### [Record set]
* * * * * * * * *
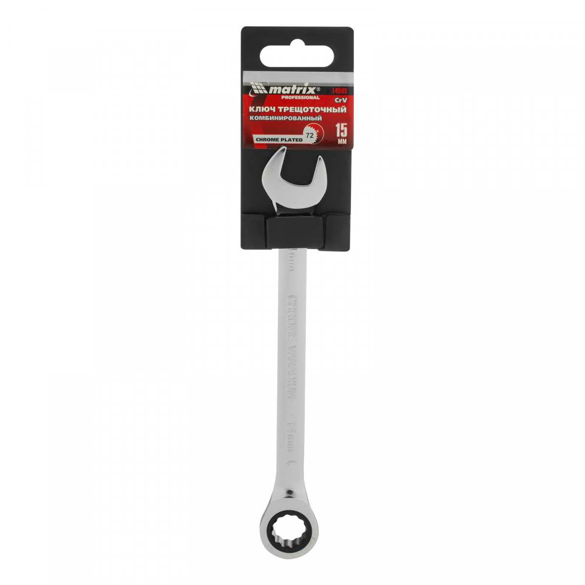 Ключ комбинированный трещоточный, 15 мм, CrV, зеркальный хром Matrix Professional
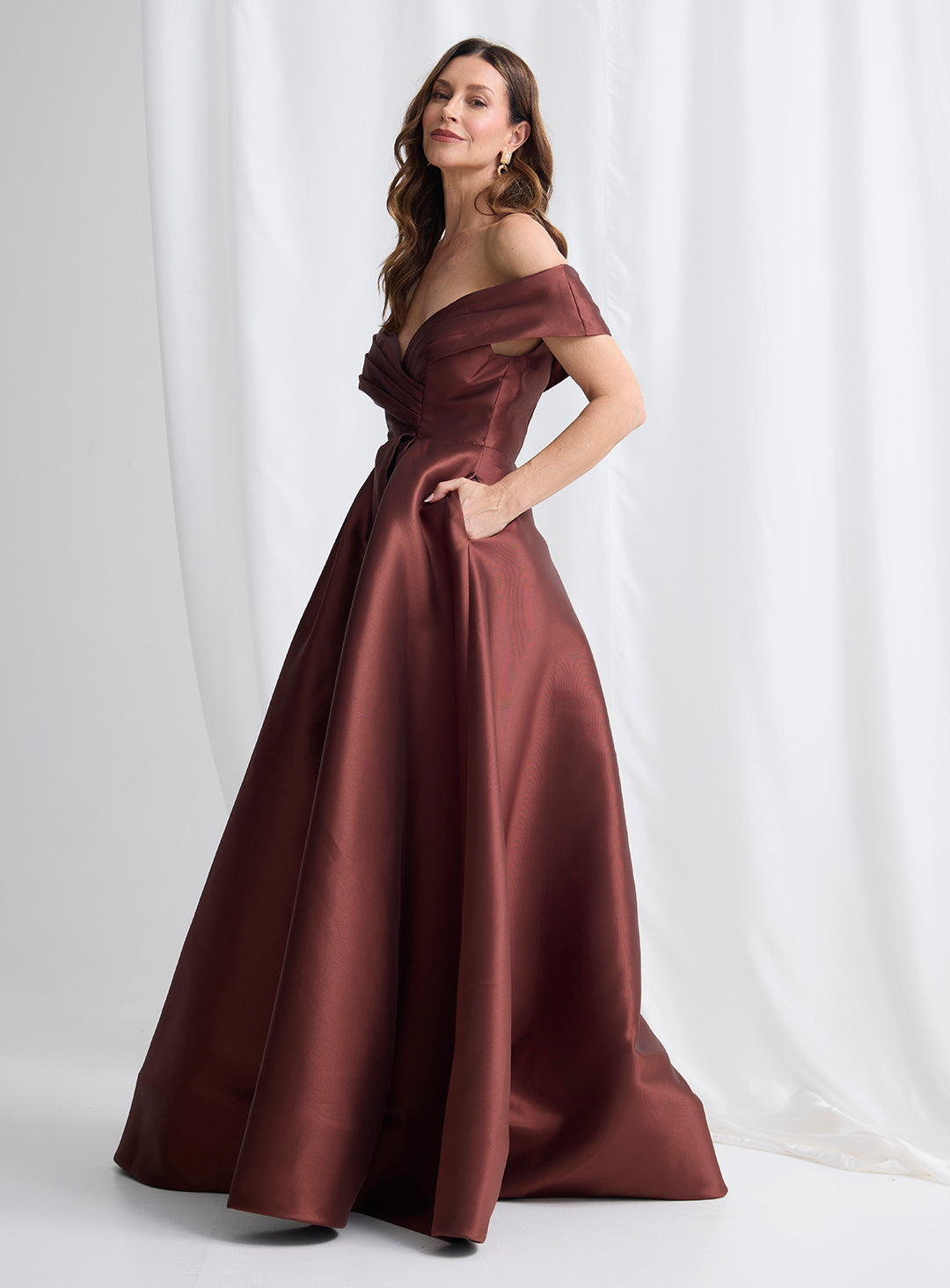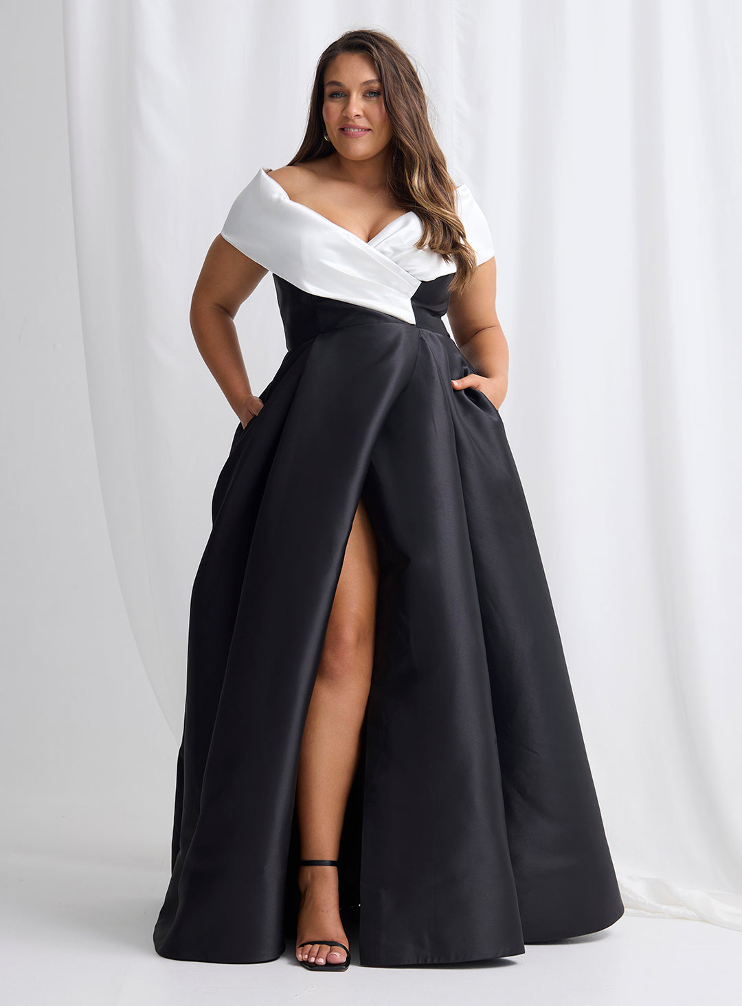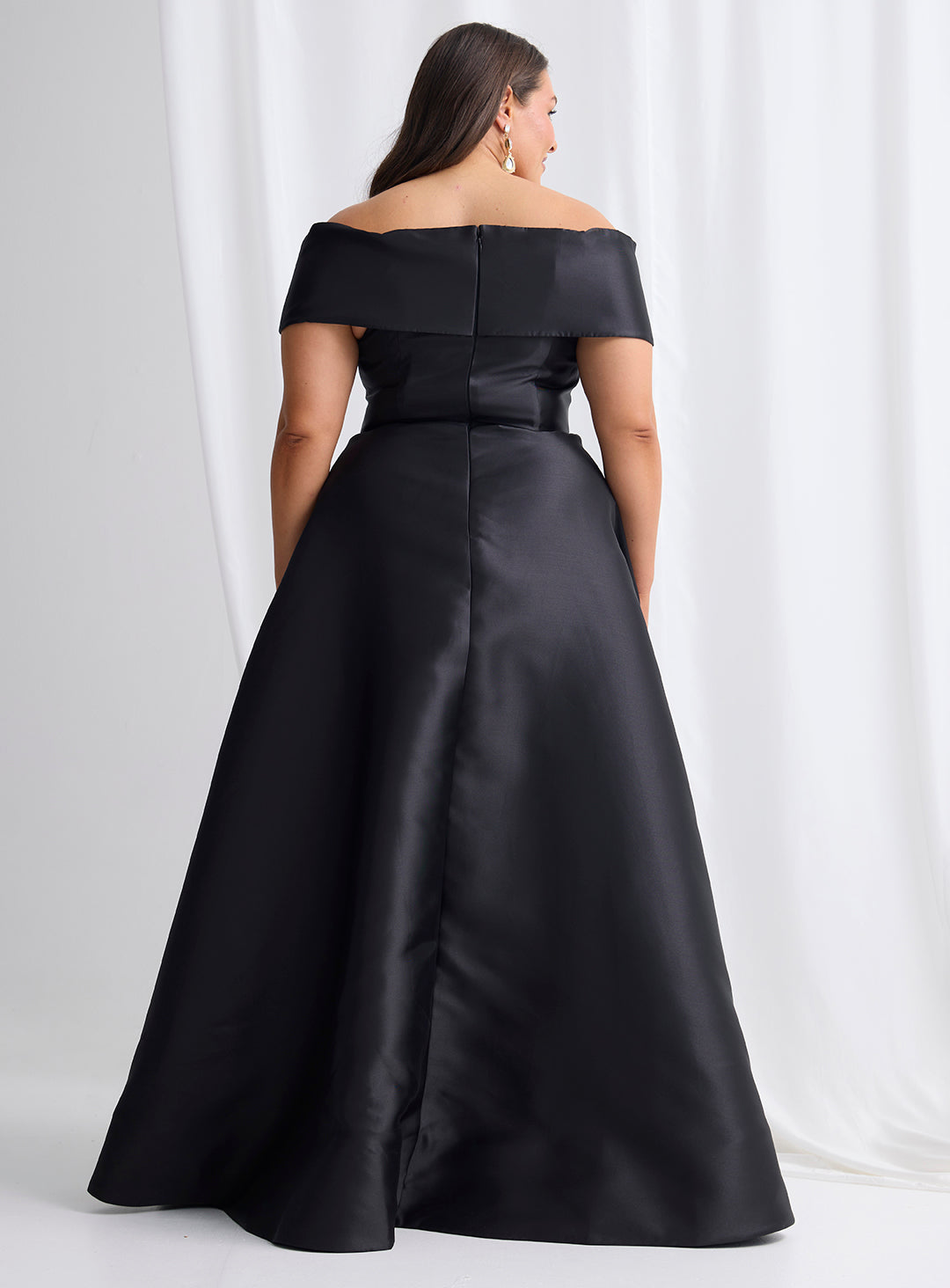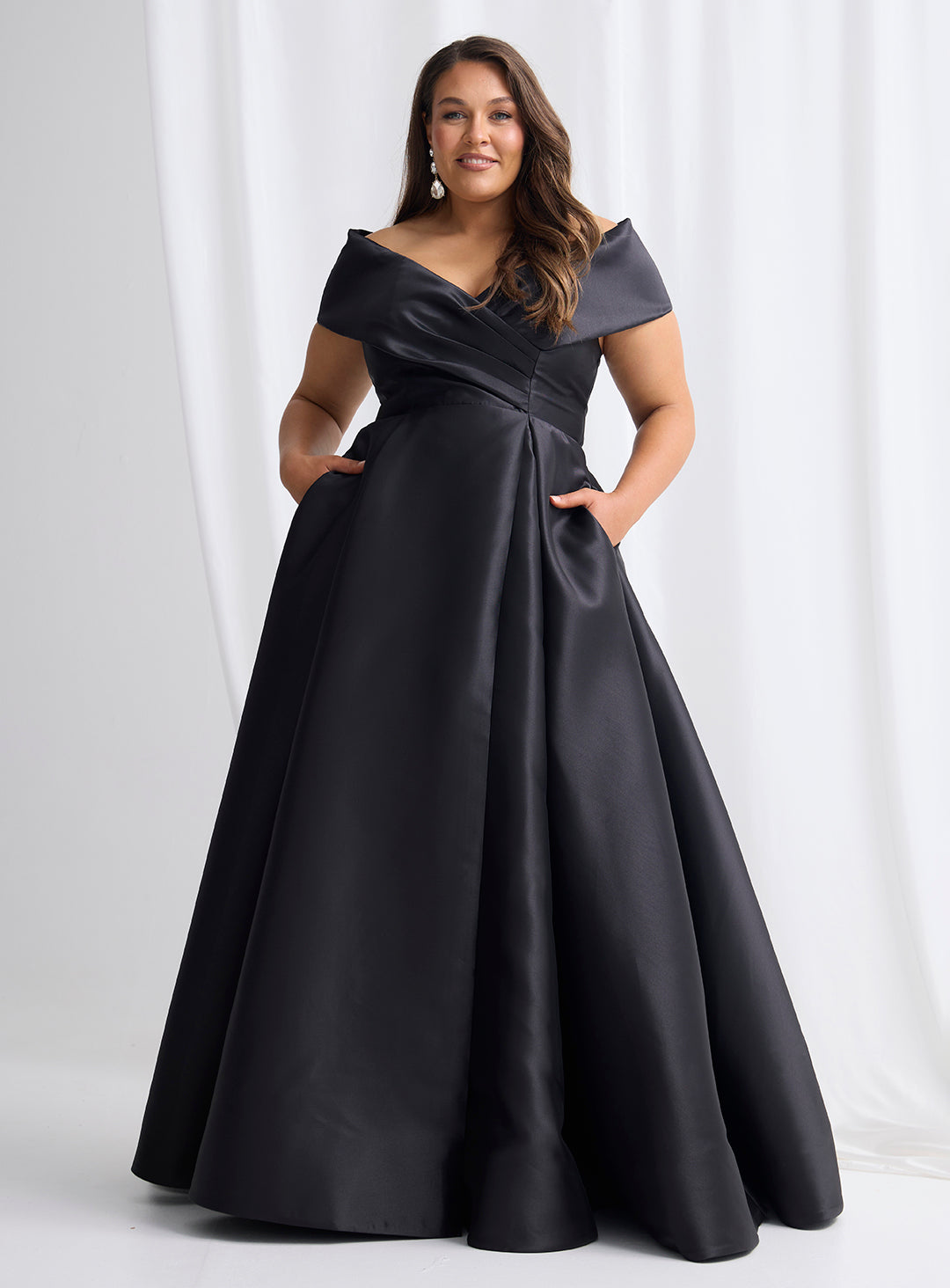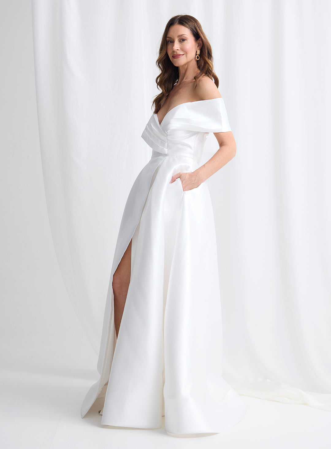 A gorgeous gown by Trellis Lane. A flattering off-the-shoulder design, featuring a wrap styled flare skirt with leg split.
* * * * * * * * *
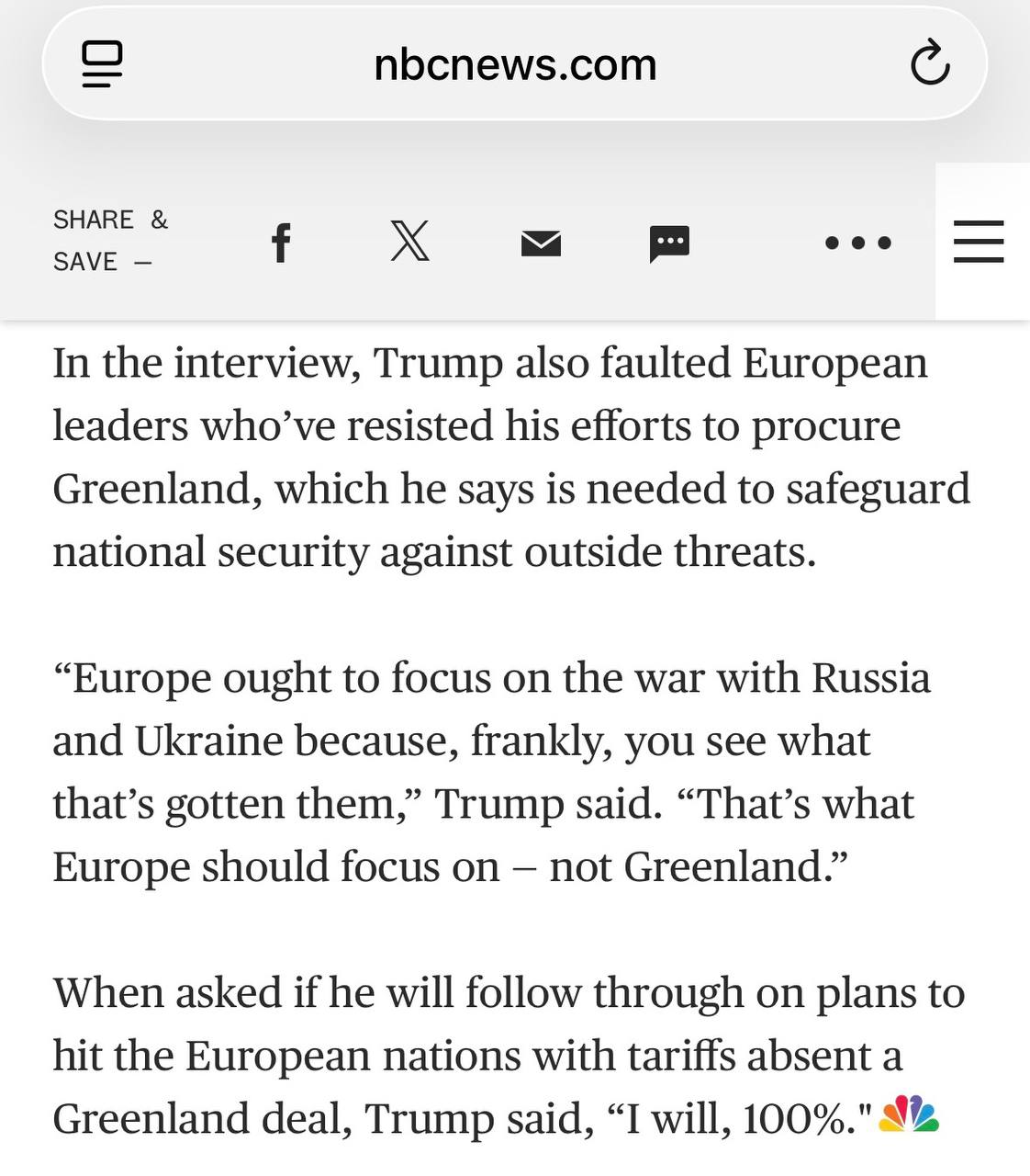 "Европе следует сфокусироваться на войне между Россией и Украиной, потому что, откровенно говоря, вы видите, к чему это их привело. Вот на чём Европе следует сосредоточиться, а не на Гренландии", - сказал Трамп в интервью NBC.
* * * * * * * * *
### [Try it]
Only the lines above from the one with "Ключ комбинированный трещоточный, 15" to the one with "A gorgeous gown" should be printed, both included and exactly as written; no picture belongs in the copy.

### [Worked solution]
 Ключ комбинированный трещоточный, 15 мм, CrV, зеркальный хром Matrix Professional
 A gorgeous gown by Trellis Lane. A flattering off-the-shoulder design, featuring a wrap styled flare skirt with leg split.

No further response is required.